Cooperation is key to success in microbial communities
New research from the University of Cambridge and European Molecular Biology Laboratory (EMBL) shows how cooperation among bacterial species allows them to thrive as a community.
The results are published today in the journal Nature Microbiology.
The study used kefir as a model to study metabolic interactions within microbial communities. It is easy to grow, and consists of around 40 different species – providing a ‘Goldilocks zone’ of complexity that is not too small yet not too unwieldy to study in detail. Kefir is composed of ‘grains’ – resembling small pieces of cauliflower – that have fermented in milk to produce a probiotic drink composed of bacteria and yeasts.
The researchers were surprised to discover that the dominant species of Lactobacillus bacteria found in kefir grains cannot survive on their own in milk. However, the different species work together, feeding on each other’s metabolites in the kefir culture to support each other.
“The kefir grain acts as a ‘base camp’ for the kefir community, from which microbes colonise the milk in a complex, yet organised and cooperative manner,” said Dr Kiran Patil, Director of Research at the University of Cambridge’s MRC Toxicology Unit, group leader at EMBL, and senior author of the study.
The researchers combined a variety of state-of-the-art methods including metabolomics (studying metabolites’ chemical processes), transcriptomics (studying the genome-produced RNA transcripts), and mathematical modelling. This revealed not only key molecular interaction agents like amino acids, but also the contrasting species dynamics between the grains and the milk.
While scientists know that microorganisms often live in communities and depend on their fellow community members for survival, there was previously very little understanding of how this works. Lab models have historically been limited to two or three different microbial species.
“Kefir microbial communities have many member species, with individual growth patterns that adapt to their current environment. This means fast- and slow-growing species and some that alter their speed according to nutrient availability,” said Sonja Blasche, a postdoc in the Patil group at EMBL and joint first author of the paper.
Kefir is one of the world’s oldest fermented foods and has many purported health benefits, including improving digestion and lowering blood pressure and blood glucose levels.
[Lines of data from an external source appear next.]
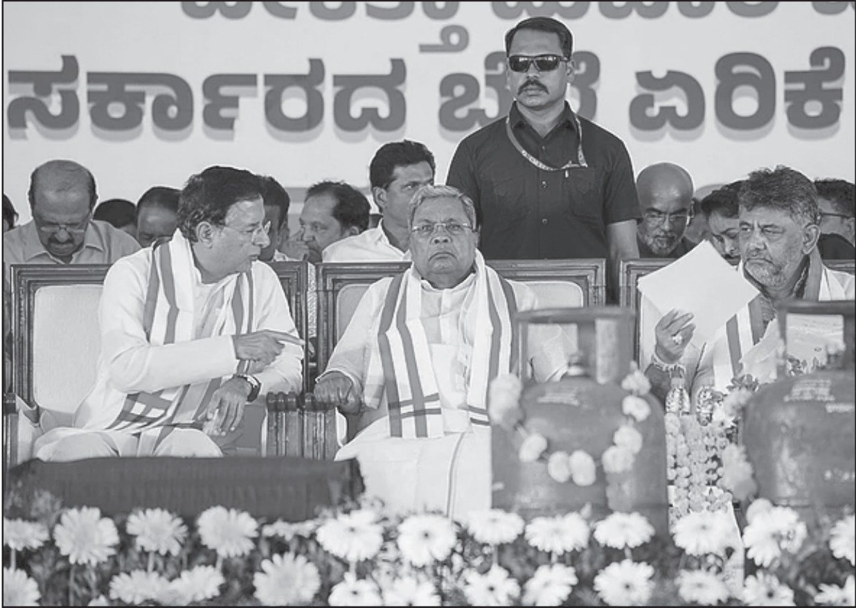
Karnataka Chief Minister Siddaramaiah with his Deputy DK Shivakumar and Congress leader Randeep Surjewala during a party conference to condemn the Central Government over alleged rising prices of essential items, in Belagavi.
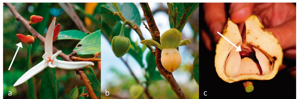
Figure 2. Flowers of three species of cantharophilous Annonaceae from our studies in the Cerrado of the Chapada dos Guimarães, MT, Brazil. Note that all three have light-colored perianths. (a) Xylopiya aromatica has a mixed pollination system in which both thrips (Thysanoptera) and beetles (Coleoptera) take part. Flower visitation occurs mostly during the day, although flowers remain anthetic throughout the night. The adaxial surface of the outer petals and the linear inner petals are white. The abaxial surface of the outer petals, however, is of a vivid hue of red (arrow). (b) The calyx of Cardiopetalum calophyllum is light green, and the petals are light yellow. Flower visitation by nitidulids is diuturnal. (c) In this figure, it is possible to visualize the floral chamber of Annona crassiflora , delimited by the light yellow corolla. Pollinated by large nocturnal Cyclocephala scarabs (arrow), this species has large, thermogenic floral chambers. Note that the beetle shown inside has its head positioned toward the base of the inner petals, where the nutritious tissue patch is located.

In this same hectare, Gottsberger and Silberbauer-Gottsberger (2006) [66] showed that 92% of plant species flowered during the day, 6% were nocturnal, and 2% apparently attracted animals on a diuturnal basis. For the six sampled Annonaceae in the area, the trend inverted: most (four species) were nocturnal, and two species had diurnal anthesis. All Annonaceae were pollinated by beetles, with the exception of Xylopiya aromatica (Lam.) Mart. (Figure 2a), which was mainly pollinated by Thysanoptera and, secondarily, by beetles. The corollas of Annonaceae species, except D. furfuracea , whose corolla is reddish, are light in color (yellow, creamy, and white). Annonaceae specialization to cantharophily is also noteworthy when, for all plants in the area, their pollinating agents are considered functional groups (i.e., large bees, wasps, small bees, and flies). Whereas 70% of the local plant species were pollinated by more than one group of animals (generalists), only one Annonaceae species, Xylopiya aromatica (Figure 2a), was pollinated by more than one functional group (small beetles and thrips).
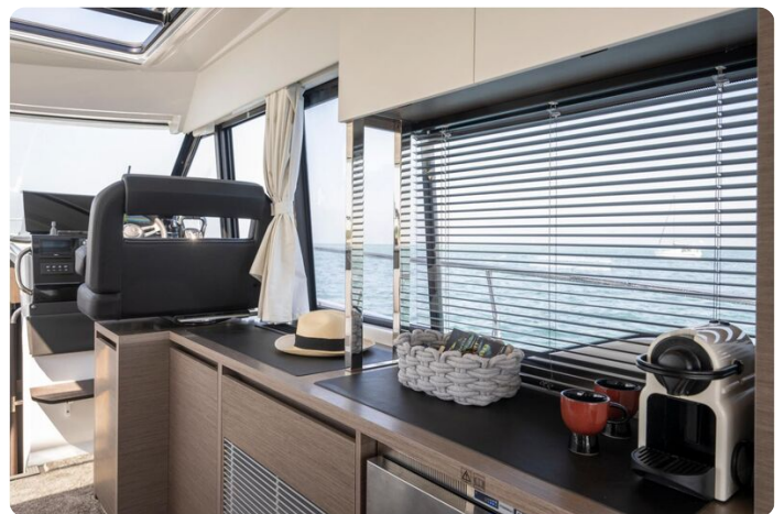
Jeanneau Merry Fisher 1295 Coupe - starboard side galley
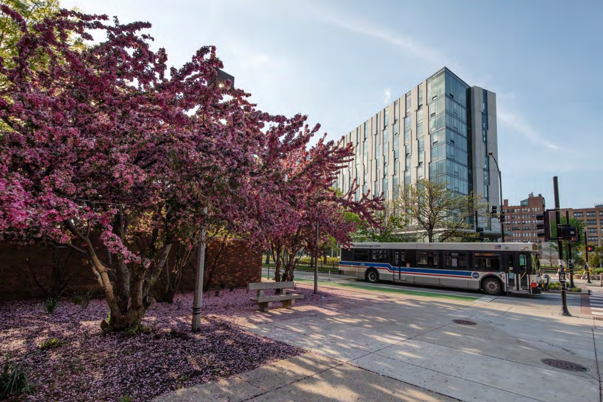
CTA bus route on Harrison Street
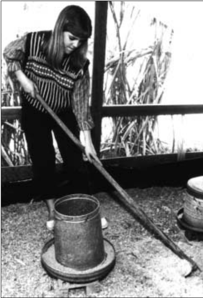
Stir the litter daily to prevent packing. Damp or caked litter will cause health problems and affect bird performance.

dry sawdust, peanut hulls or rice hulls make good litter. Hay makes very poor litter. Keep all sticks, boards and sharp objects away from the broiler house.

This phenomenon of microbial cooperation is not limited to kefir. In another paper from Patil’s group, published today in the journal Nature Ecology and Evolution, scientists combined data from thousands of microbial communities across the globe – from soil to the human gut – to understand similar cooperative relationships.
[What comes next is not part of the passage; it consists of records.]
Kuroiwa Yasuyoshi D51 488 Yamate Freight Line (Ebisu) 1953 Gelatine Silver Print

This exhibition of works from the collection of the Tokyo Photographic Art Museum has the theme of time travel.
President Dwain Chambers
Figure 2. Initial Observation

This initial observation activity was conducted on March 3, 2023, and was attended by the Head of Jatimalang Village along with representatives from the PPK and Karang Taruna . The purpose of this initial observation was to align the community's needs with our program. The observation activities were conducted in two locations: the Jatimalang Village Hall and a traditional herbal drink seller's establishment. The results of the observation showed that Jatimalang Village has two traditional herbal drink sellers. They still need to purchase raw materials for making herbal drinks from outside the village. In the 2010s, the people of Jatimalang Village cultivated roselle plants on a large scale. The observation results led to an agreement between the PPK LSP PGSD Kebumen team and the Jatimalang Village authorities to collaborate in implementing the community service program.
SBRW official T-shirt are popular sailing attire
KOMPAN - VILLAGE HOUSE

Advanced metabolic modelling showed that the co-occurring groups of bacteria are either highly competitive or highly cooperative. This stark polarisation has not been observed before and sheds light on evolutionary processes that shape microbial ecosystems. While both competitive and cooperative communities are prevalent, the cooperators seem to be more successful: they are more abundant and occupy a more diverse range of habitats.
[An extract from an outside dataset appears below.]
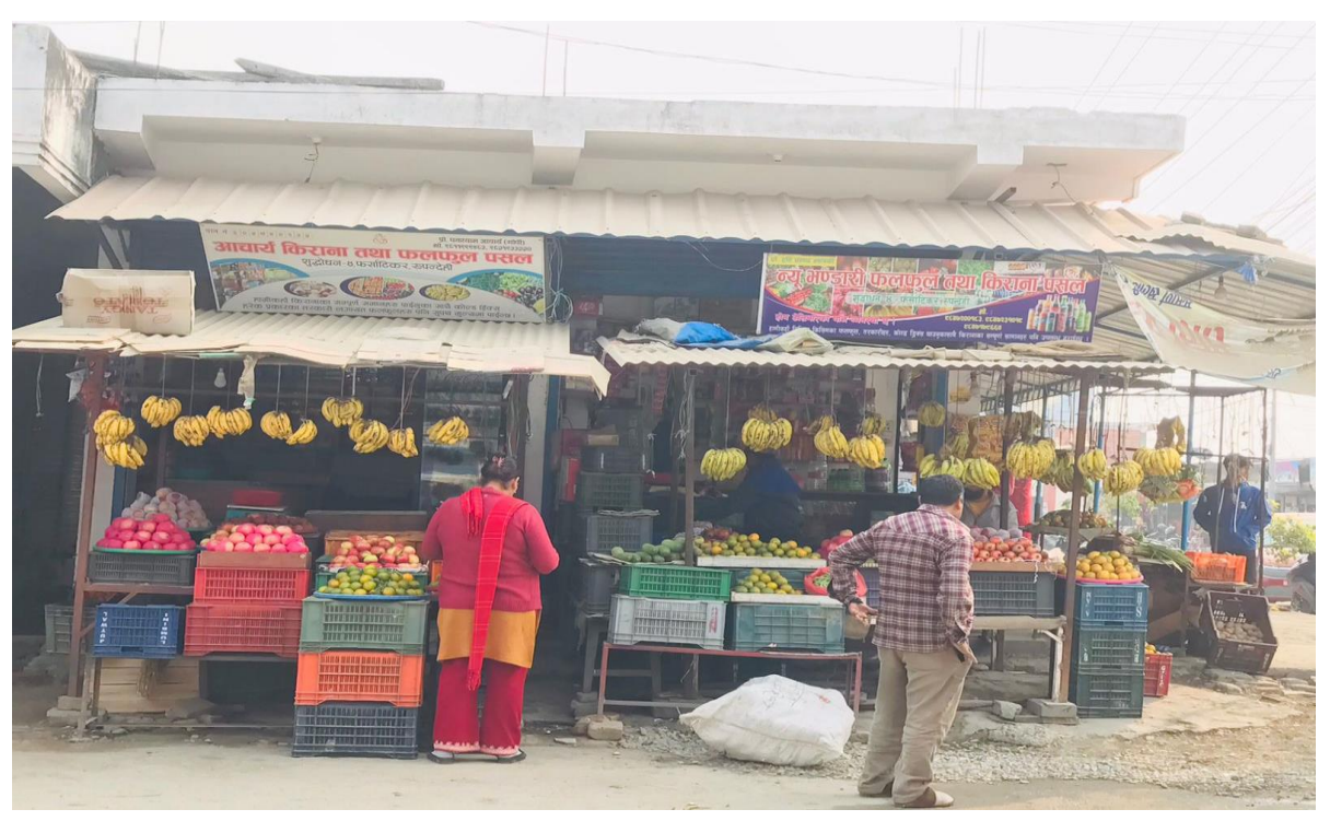
Figure 1 Small and Informal Business are open after the Lockdown in March, 2021 but business activity is very low.

In this study, small-scale businesses refer to business activities conducted with less capital (from $1000 to $10000) and few employees (3-5 employees). Small scale businesses have prevailed and are very common in the study area, i.e., Butwal Sub-Metropolitan City, Nepal. In this study, various business activities are included, such as cafes, small restaurants, motorcycle workshops (which repairs motorbikes), small construction companies (which work for repairing and maintenance), vocational training institutes (which provides different vocational training such as barista, bartender, cookery), education consultancies (which provide counseling and guidance to students for abroad and domestic studies), fancy shops (clothes retailer), small grocery shops, fruit shops, job providing agency, tours and travel companies and color house (home color paint retailer). The researcher collected and interviewed small business holders from service-oriented businesses and goods selling businesses in this study. These business activities seem directly affected by the Covid-19 crisis pandemic and its consequences. Therefore, interviews with such business holders are the prime determinants of the findings.

“We see this phenomenon in kefir, and then we see it’s not limited to kefir,” said Patil. “If you look at the whole world of microbiomes, cooperation is also key to their structure and function.”
Patil, K.R. ‘Metabolic cooperation and spatiotemporal niche partitioning in a kefir microbial community.’ Nature Microbiology, Jan 2021. DOI: 10.1038/s41564-020-00816-5.
Patil, K.R. ‘Polarisation of microbial communities between competitive and cooperative metabolism.’ Nature Ecology & Evolution, Jan 2021. DOI: 10.1038/s41559-020-01353-4.